There is no dispute in this case that appellants directed the work to be done and that they did so before respondent commenced performance. The furnace stopped operating on December 22. On December 23 appellants left on a previously planned trip to North Carolina, and arranged to have the work done by long distance telephone on December 28. The testimony reveals that they could have sought a second opinion as to the needed repairs or "shopped around" which would have revealed the less expensive solution to their problem. Appellants clearly had the "right and power to exercise a choice." They elected however to have respondent make the repairs and accepted respondent's judgment without further inquiry. This met the consent requirements of our Mechanic's Lien statute. The fact that the good faith judgment of respondent proved to be in error does not render appellant's consent to rely upon it any less effective.
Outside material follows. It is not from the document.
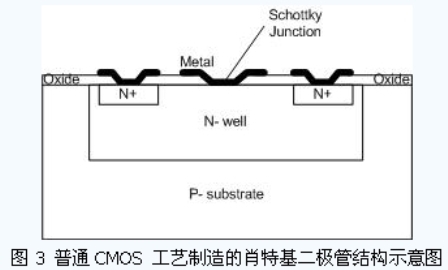 在一般的無源UHF RFID 標(biāo)簽的應(yīng)用中,出于成本的考慮,希望芯片電路適合于普通CMOS工藝的制造。而遠距離讀寫的要求對電源恢復(fù)電路的功率轉(zhuǎn)換效率提出了較高的要求。為此,很多設(shè)計者采用標(biāo)準CMOS 工藝來實現(xiàn)肖特基勢壘二極管,從而可以方便地采用多級Dickson倍壓電路結(jié)構(gòu)來提高電源轉(zhuǎn)換的性能。圖3 所示是普通CMOS 工藝制造的肖特基二極管結(jié)構(gòu)示意圖。在設(shè)計中,不需要更改工藝步驟和掩膜板生成規(guī)則,只需在版圖上作一些修改,就可以制作出肖特基二極管。

Appellants argue however that under strict contract principles their agreement could have been rescinded and thus cannot now form the basis for a mechanic's lien. Assuming, without deciding, that strict contract rules govern the application of mechanic's liens, appellants' argument fails under established principles governing contract rescission.

The fundamental prerequisite for rescission is that the parties be returned to the status quo prior to the contract. Hamilton Ridge Lumber Corp. v. Boston Ins. Co., 133 S.C. 472, 483, 131 S.E. 22 (and cases cited); 17A C.J.S., Contracts Section 438; 17 Am. Jur. 2d, Contracts Section 512. This includes the requirement that the party seeking rescission must restore to the opposite party the benefits received. Hamilton Ridge, supra; 17A C.J.S., Contracts Section 427.

Appellants have had the benefit of a new furnace since December 1977. There is no contention that they have attempted to restore the status quo, nor is there any showing that it would be possible to do so; hence the rescission theory was properly rejected by both the Master and the Circuit Court.

*205 All exceptions are accordingly overruled and the judgment is affirmed.

LITTLEJOHN, NESS, GREGORY and HARWELL, JJ., concur.